Interest rate rises have yet to significantly slow the housing market with prices last month showing a 15.4 per cent increase on July 2005.
The monthly house price index, compiled by the Economic and Social Research Institute (ESRI) and Permanent TSB, said this rate was up on the 15.2 per cent annual growth rate recorded in June and continues a trend that has been rising since last October.
The average price of a house nationally in July was €303,274, €25,000 more than at the end of last year. In Dublin, the average home now costs €408,959. This time last year, it was just over €350,000.
Prices have continued to rise this year despite four quarter-point increases in interest rates, most recently early this month. The European Central Bank (ECB) is expected to increase rates by a further half percentage point before the end of the year.
Permanent TSB pointed to the fact that the 1.1 per cent rise in prices last month was down on the monthly increases in May and June. However, the monthly rises this summer are all higher than in the same period last year and the annual rate of increase, at 15.4 per cent, is more than twice the annualised growth rate of 6.2 per cent recorded in July 2005.

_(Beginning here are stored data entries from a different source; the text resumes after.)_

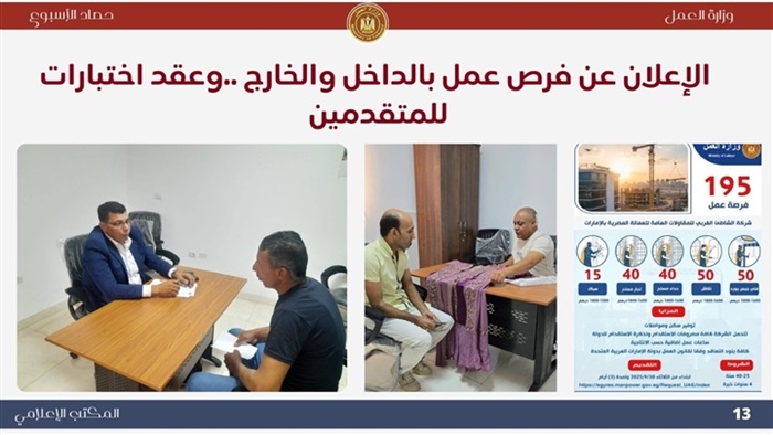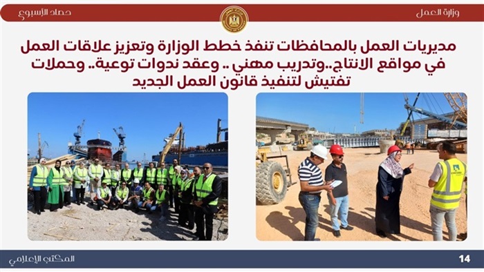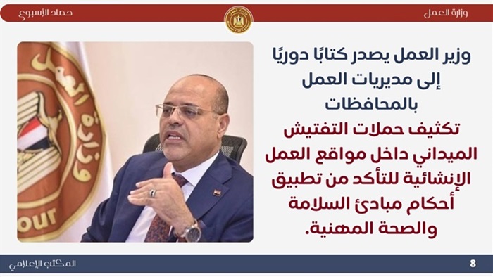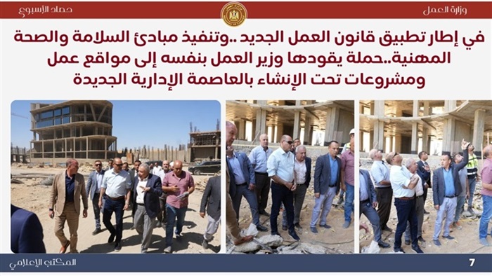 ..وخلال الأسبوع أكد وزير العمل ،على أهمية الدور الذي تقوم به "الوزارة" و"المديريات" والإدارات المُختصة بكافة ملفات العمل ، موضحًا أن التطوير المُستمر، والتنسيق والتعاون، والتقييم الدوري والمنتظم ، يُحقق المزيد من النجاحات ، وتقديم الخدمات للمواطنين بشكل لائق وكريم ، تنفيذًا لتكليفات فخامة الرئيس عبدالفتاح السيسي ..جاء ذلك خلال إجتماع عقده الوزير جبران ،بمقر "الوزارة" بالعاصمة الإدارية الجديدة ،مع السادة وكلاء الوزراة ،رؤساء الإدارات المركزية ، ومديري الإدارات ، موجهًا بتنظيم إجتماع دوري كل شهر للتواصل المباشر بين كافة الإدارات لمواجهة التحديات التي قد تواجههم أثناء تأدية عملهم..كما شهد وزير العمل ،من مكتبه بالعاصمة الإدارية الجديدة ،عن طريق "الفيديو كونفرانس "،وفي وقت واحد ، فعاليات تسليم عقود عمل ، نظمتها مديريات العمل في 26 محافظة ، وذلك بتوفير أكثر من 700 فرصة عمل في شركات القطاع الخاص ، معظمهم "ذوي همم"..ووجه الوزير السادة مديري المديريات بمتابعة تنفيذ "العقود" التي جرى تسليمها ، والتأكد من تطبيق شروط العمل ،خاصة الحد الأدنى للأجور،وكذلك بالتعاون والتنسيق المستمر مع القطاع الخاص في هذا الشأن .. كما وجه الوزير بتكثيف الجهود لتعزيز علاقات العمل بين طرفي العملية الإنتاجية من أصحاب الأعمال والعمال ،والاستمرار في حملات التفتيش المكثفة لتطبيق قانون العمل الجديد رقم 14 لسنة 2025، خاصة تراخيص عمل الأجانب، والتأكد من صحة "عقود العمل" ،وتطبيق الحد الأدنى للأجور ..وقام وزير العمل، بقيادة حملة إلى عدد من مواقع العمل داخل العاصمة الإدارية الجديدة ، وذلك في إطار حملات تفتيشية تقوم بها الإدارة المركزية للسلامة والصحة المهنية في جميع المحافظات ، لمتابعة إلتزام المنشأت بمعايير السلامة والصحة المهنية داخل بعض المشاريع ،والتأكد من إستخدام "مهمات الوقاية" ، بهدف سلامة أدوات الإنتاج ، وصحة العمال.. ووجه الوزير ،خلال الحملة ، بايقاف العمل في بعض المنشأت ،التي ثَبُتّ عدم إلتزامها ، وذلك لحين تطبيق مبادئ "السلامة المهنية" ،وكذلك تنظيم ندوات تثقيفية للعاملين فيها للتوعية ،في إطار خطة الوزارة بالحفاظ على أرواح العمال .. وأوضح الوزير أن حملات التفتيش تستمر في كافة المحافظات ،لتطبيق قانون العمل الجديد رقم 14 لسنة 2025 ، لتوفير بيئة عمل لائقة في كافة المجالات ..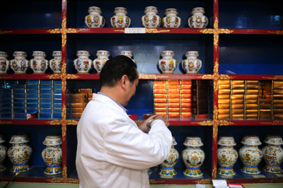 藏醫藥在甘肅省甘南藏族自治州發展已經有1000多年的歷史。近年來,在保持藏醫藥古老傳統的同時,當地充分挖掘研究藏醫藥在治療心腦血管疾病、消化系統疾病、婦科病及高原病等方面的潛力和優勢,形成科學規范系統的診斷治療標準。根據甘南藏區牧民喜歡中藏藥治療的特點,甘南及時調整了補償方案,降低了中藏藥起付線,提高了中藏藥的報銷比例,推行門診統籌。符合國家及甘肅省衛生廳下發中藏藥目錄的藥物,參合農牧民在各級定點醫療機構住院都可實行100%全額報銷,使中藏醫藥特色服務普及全州。圖為甘肅省甘南藏族自治州藏醫藥研究院附屬醫院院長虎玉成正在藥劑室內調配藏藥。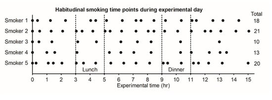 Smokers could smoke ad libitum during the experimental day, which resulted in an average of 17 cigarettes per day (10–21 cig/day) (Figure 1). Time between two cigarettes differed between 20 min and 3 h. For all participants, the second cigarette of the day was smoked within an hour after the first cigarette and the final cigarette of the day within an hour before going to bed.

Permanent TSB conceded that the rate of growth in prices so far this year of 9.1 per cent was still higher than expected.
A spokesman said the full impact of recent interest rate rises may still not be feeding through to the figures, which reflect the drawing down of mortgage loans, not their approval. "It may be a couple of months yet before the full impact of the most recent rate rises show up in the figures," he said.
Homeowners with a mortgage of €250,000 over 25 years are now paying an extra €134 in monthly repayments compared to last December, just before the ECB made its first interest rate hike in more than five years.
Property in the commuter counties of Meath, Kildare, Wicklow and Louth has seen the most dramatic rise in prices over the past year, jumping by 18.6 per cent - or more than four times faster than in the previous year.